Exercise description — Only one stretch of the data should be retyped: the lines from the line containing "The 2010 Porsche" through the line containing "学参・旧字に対応した「丸ゴシ". Keep pictures out of it.

The data —

· · · · · · ·

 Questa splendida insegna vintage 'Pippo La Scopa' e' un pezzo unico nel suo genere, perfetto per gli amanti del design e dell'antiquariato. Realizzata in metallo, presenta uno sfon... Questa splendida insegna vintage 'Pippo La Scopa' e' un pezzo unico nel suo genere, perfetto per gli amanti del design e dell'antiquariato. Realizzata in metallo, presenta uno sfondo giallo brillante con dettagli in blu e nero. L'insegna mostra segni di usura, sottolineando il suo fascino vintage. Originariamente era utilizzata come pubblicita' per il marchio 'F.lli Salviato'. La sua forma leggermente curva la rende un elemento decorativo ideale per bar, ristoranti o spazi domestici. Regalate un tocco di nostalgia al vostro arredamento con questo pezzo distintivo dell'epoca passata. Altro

· · · · · · ·

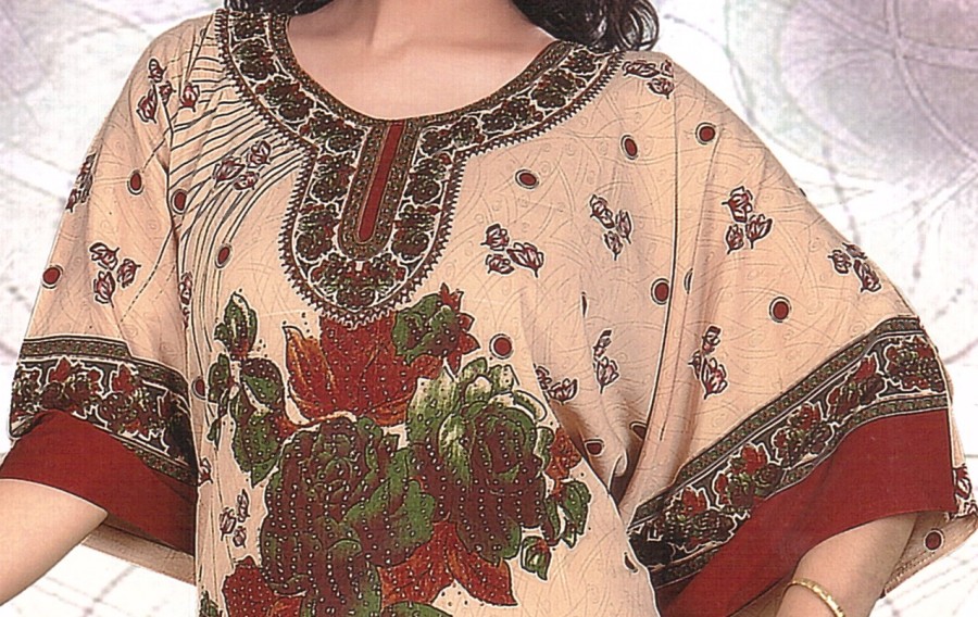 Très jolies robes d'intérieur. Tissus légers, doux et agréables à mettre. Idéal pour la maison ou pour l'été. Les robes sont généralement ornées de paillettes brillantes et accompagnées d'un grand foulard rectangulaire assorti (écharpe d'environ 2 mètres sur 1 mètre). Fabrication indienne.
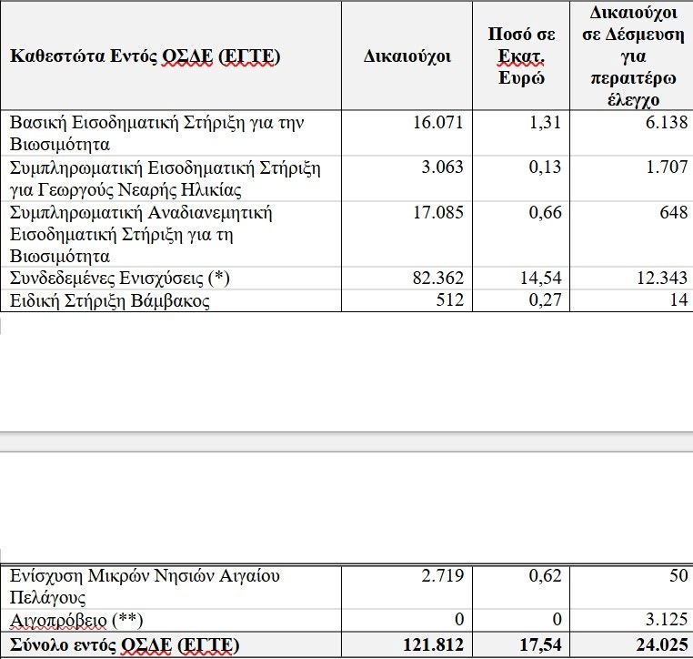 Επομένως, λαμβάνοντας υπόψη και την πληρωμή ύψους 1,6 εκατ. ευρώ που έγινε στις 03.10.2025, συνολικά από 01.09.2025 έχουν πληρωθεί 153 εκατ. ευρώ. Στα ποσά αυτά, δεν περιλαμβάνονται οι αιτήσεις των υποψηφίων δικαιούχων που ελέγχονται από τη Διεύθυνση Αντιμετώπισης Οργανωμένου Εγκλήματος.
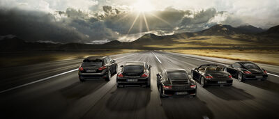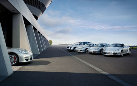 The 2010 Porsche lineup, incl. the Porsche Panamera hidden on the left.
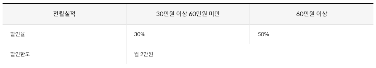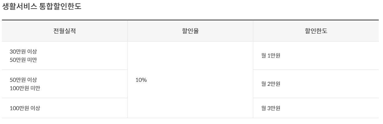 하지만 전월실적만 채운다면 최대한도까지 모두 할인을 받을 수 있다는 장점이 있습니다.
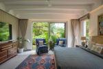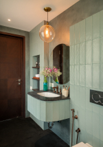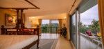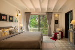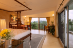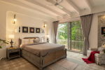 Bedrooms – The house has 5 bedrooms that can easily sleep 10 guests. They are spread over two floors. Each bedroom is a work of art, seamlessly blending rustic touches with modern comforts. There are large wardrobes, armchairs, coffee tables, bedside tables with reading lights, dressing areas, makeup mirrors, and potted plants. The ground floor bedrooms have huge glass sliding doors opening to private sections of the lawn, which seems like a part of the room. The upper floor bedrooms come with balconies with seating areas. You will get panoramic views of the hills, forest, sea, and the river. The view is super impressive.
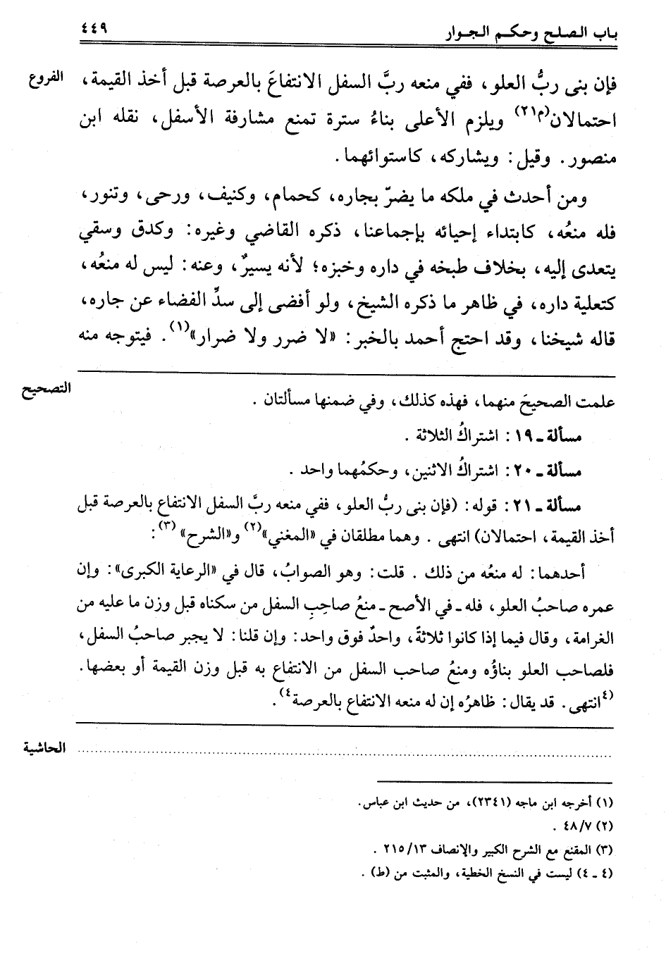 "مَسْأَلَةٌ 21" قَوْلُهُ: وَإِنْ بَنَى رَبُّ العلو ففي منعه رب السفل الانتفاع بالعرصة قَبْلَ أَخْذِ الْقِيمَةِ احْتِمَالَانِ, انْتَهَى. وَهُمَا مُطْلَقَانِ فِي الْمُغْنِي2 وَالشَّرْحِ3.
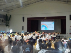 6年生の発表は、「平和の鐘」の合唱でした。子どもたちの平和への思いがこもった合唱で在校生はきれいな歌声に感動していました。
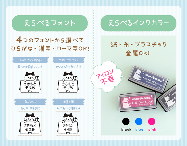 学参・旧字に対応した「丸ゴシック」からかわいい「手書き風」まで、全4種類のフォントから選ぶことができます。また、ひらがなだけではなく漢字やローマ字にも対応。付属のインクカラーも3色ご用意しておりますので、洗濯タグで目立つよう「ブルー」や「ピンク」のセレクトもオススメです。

· · · · · · ·

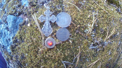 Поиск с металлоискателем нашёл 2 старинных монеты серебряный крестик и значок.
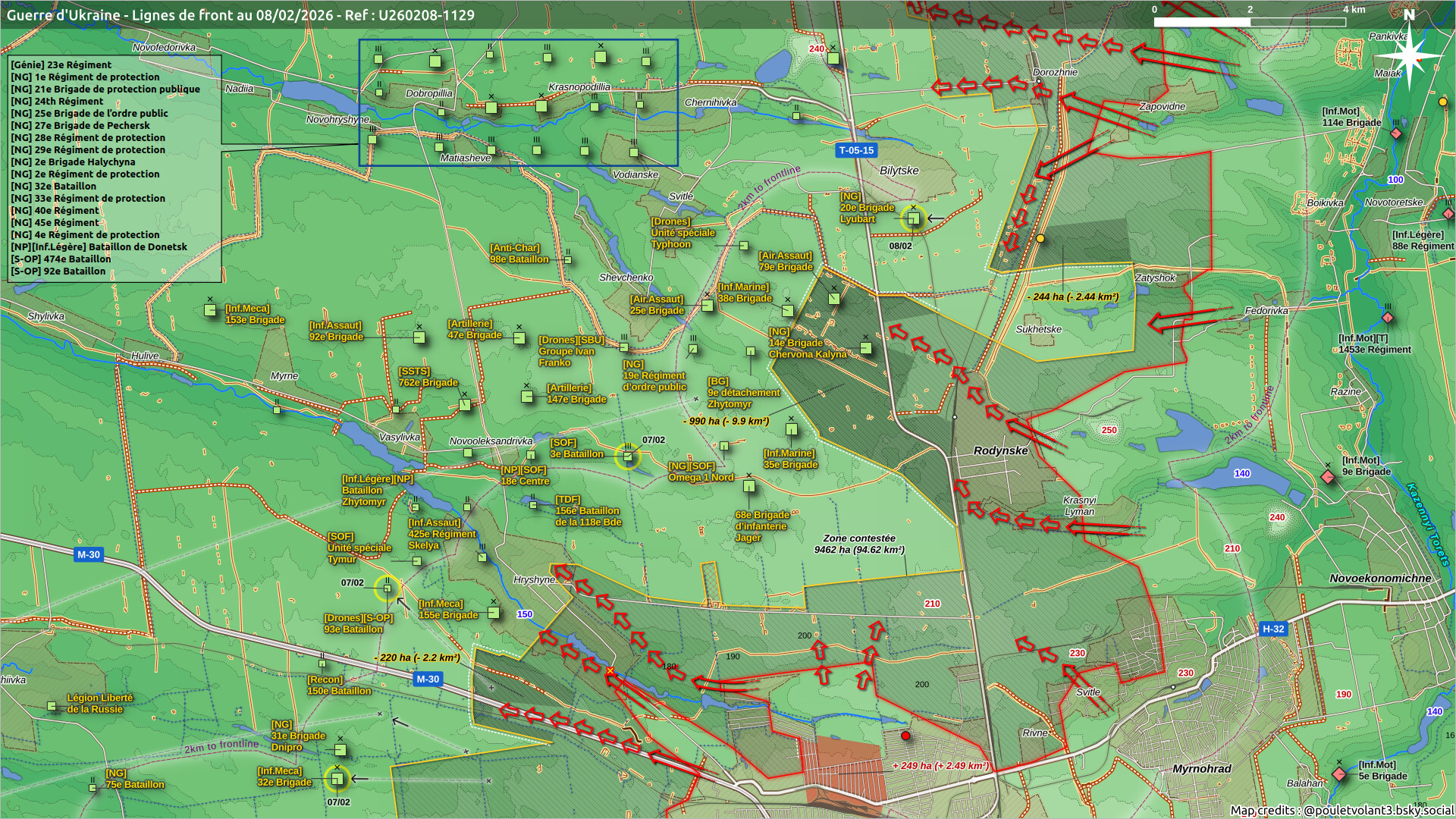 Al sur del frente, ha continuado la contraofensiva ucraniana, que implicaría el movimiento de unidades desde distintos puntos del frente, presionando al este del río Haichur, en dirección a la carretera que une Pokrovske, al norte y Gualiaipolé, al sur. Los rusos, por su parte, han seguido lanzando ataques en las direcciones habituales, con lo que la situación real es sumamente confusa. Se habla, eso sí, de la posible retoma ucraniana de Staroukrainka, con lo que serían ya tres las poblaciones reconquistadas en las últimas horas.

· · · · · · ·

Solution below —
 The 2010 Porsche lineup, incl. the Porsche Panamera hidden on the left.
 하지만 전월실적만 채운다면 최대한도까지 모두 할인을 받을 수 있다는 장점이 있습니다.
 Bedrooms – The house has 5 bedrooms that can easily sleep 10 guests. They are spread over two floors. Each bedroom is a work of art, seamlessly blending rustic touches with modern comforts. There are large wardrobes, armchairs, coffee tables, bedside tables with reading lights, dressing areas, makeup mirrors, and potted plants. The ground floor bedrooms have huge glass sliding doors opening to private sections of the lawn, which seems like a part of the room. The upper floor bedrooms come with balconies with seating areas. You will get panoramic views of the hills, forest, sea, and the river. The view is super impressive.
 "مَسْأَلَةٌ 21" قَوْلُهُ: وَإِنْ بَنَى رَبُّ العلو ففي منعه رب السفل الانتفاع بالعرصة قَبْلَ أَخْذِ الْقِيمَةِ احْتِمَالَانِ, انْتَهَى. وَهُمَا مُطْلَقَانِ فِي الْمُغْنِي2 وَالشَّرْحِ3.
 6年生の発表は、「平和の鐘」の合唱でした。子どもたちの平和への思いがこもった合唱で在校生はきれいな歌声に感動していました。
 学参・旧字に対応した「丸ゴシック」からかわいい「手書き風」まで、全4種類のフォントから選ぶことができます。また、ひらがなだけではなく漢字やローマ字にも対応。付属のインクカラーも3色ご用意しておりますので、洗濯タグで目立つよう「ブルー」や「ピンク」のセレクトもオススメです。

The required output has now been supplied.